I just wanted to chime in that we're a YC company as well (S16), and I'm thankful to the HN community for having been supportive through our whole journey.
It's a great idea, but I can't believe that the market is that large for this kind of data for 2 reasons: 1 - there's certainly a point of diminishing returns; and 2 - having good, clean data that's proprietary is a _huge_ differentiator. If I am the leader in autonomous driving, I doubt I'd want to pay someone else to help them train models that will help my competitors.
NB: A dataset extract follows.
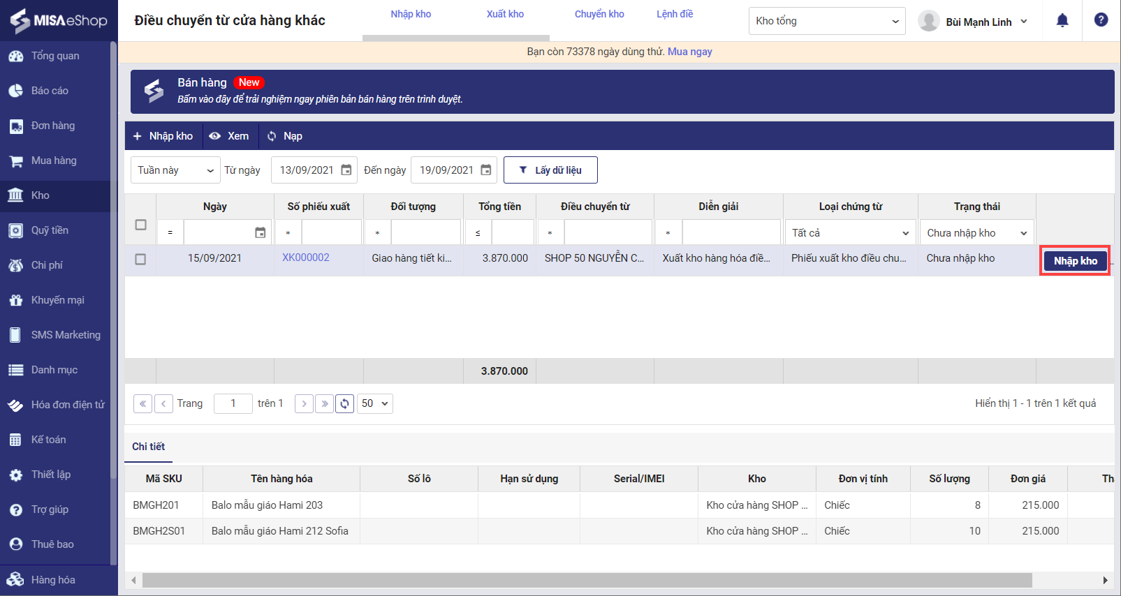 Chọn phiếu xuất kho cần nhập kho điều chuyển, nhấn nút nhập kho

The problem I see with wading into other subfields (like my own) that need high quality training datasets, is that the datasets may be proprietary, and may not really overlap that much between companies in the same industry. For example, assembly line datasets for companies making almost the same product may be vastly different. I'm really struggling to see how you can possibly achieve the same scale in other industries.
Is it weird sharing the same name as a fashion icon ;)
And I'm curious about your ML "stack". Particularly the chicken and egg problem. Are you using something like Tensorflow with pre-trained binaries, perhaps from a vendor? Or is it 100% proprietary. Thanks!
Re 1—It has been a bit of annoyance growing up (for example, Google autocorrects "Alexandr Wang" to "Alexander Wang"), but we run different circles ;)
Re 2—As with most companies working on ML these days, our stack is not fully proprietary. We don't take too strong an opinion on ML framework and use both Tensorflow and Pytorch currently. We generally use neural network architectures from the literature and then iterate on top of them to suit our unique problem requirements.
The biggest change is your jobs goes from doing things (which makes sense) to building an incredible team that can do things (which is a more unintuitive job). In the limit, it’s always a people business.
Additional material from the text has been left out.